Saudi Arabia’s Public Investment Fund (PIF) has signed a deal to buy 40% of Selfridges Group for an undisclosed sum.
This was the stake previously owned by Austrian company Signa Group, which filed for ‘self-administered restructuring’ in the Austrian courts in November 2023, and led to the downfall of WiggleCRC, the sports retailer, amongst others.
The remaining 60% is owned by Central Group, a Thai conglomerate, which bought Selfridges for £4bn in 2021 from the Weston family. It has been said that the new partnership will aim to “accelerate growth” and “unlock further value in Selfridges”. The Weston family put it up for sale after the death of W Galen Weston in 2021. The Westons still own Primark and Fortnum & Mason (which is probably as diverse a range of stores as you can get).
Selfridges has been named the best department store in the world four times.

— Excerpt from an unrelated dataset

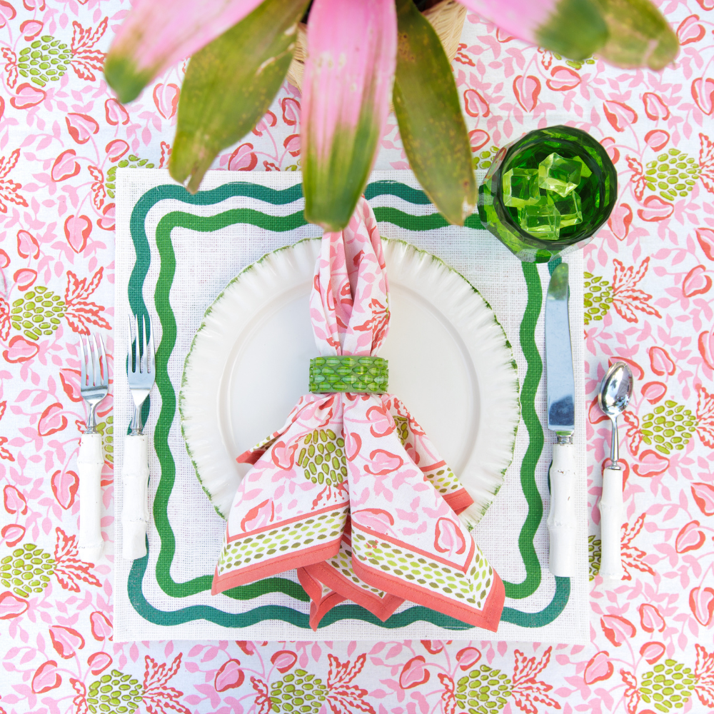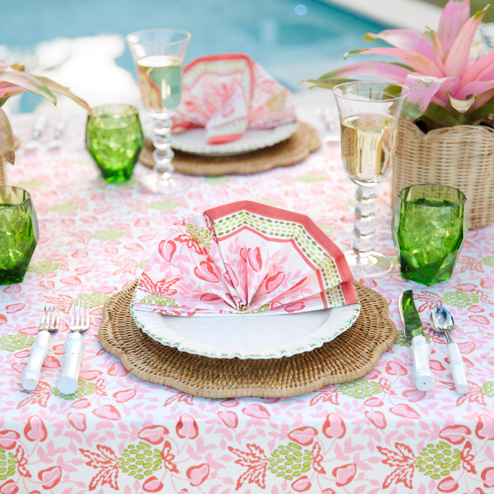 The Pretty in Pink collection is our love letter to color, connection, and the kind of romance that shows up at the table. Think soft blushes, cheerful roses, painterly florals, and fresh pops of pink that instantly lift the mood — playful, warm, and never too precious.

Perhaps riding on that name, the Thai and Austrian former-owners loaded the company with more than £1.7bn of debt. This forced redundancies at head office and in some stores to improve efficiency.
It has also emerged that the value of Selfridges’ property portfolio was slashed by more than half a billion pounds last year. Their property holding company shows that its £3.1bn of assets were marked down by valuers by £639m. The aforementioned £1.7bn of loans are secured against their freehold property.

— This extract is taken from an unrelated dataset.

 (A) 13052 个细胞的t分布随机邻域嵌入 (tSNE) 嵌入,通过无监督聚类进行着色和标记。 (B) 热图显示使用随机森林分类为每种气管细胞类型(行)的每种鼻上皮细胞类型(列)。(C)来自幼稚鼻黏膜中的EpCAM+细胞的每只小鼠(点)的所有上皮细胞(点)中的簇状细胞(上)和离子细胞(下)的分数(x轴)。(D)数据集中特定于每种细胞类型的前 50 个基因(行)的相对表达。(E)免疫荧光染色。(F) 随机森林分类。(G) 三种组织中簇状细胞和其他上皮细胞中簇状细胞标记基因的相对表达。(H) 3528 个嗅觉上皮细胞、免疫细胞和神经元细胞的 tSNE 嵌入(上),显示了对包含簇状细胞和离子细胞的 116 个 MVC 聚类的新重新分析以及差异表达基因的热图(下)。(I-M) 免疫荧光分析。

Despite a downturn in the department store and luxury sector, Selfridges has outperformed the market. Their Chief Executive recently left the business, and is being replaced by Andre Maeder, formerly of the German KaDeWe department store, which was also owned by Signa.
It is believed that PIF have £550bn of assets, driven by their oil wealth. They already own Newcastle United, 20% of Aston Martin, 3% of Uber and 8% of Saudi Aramco, and a stake in Heathrow Airport. The fund is controlled by crown prince Mohammed bin Salman.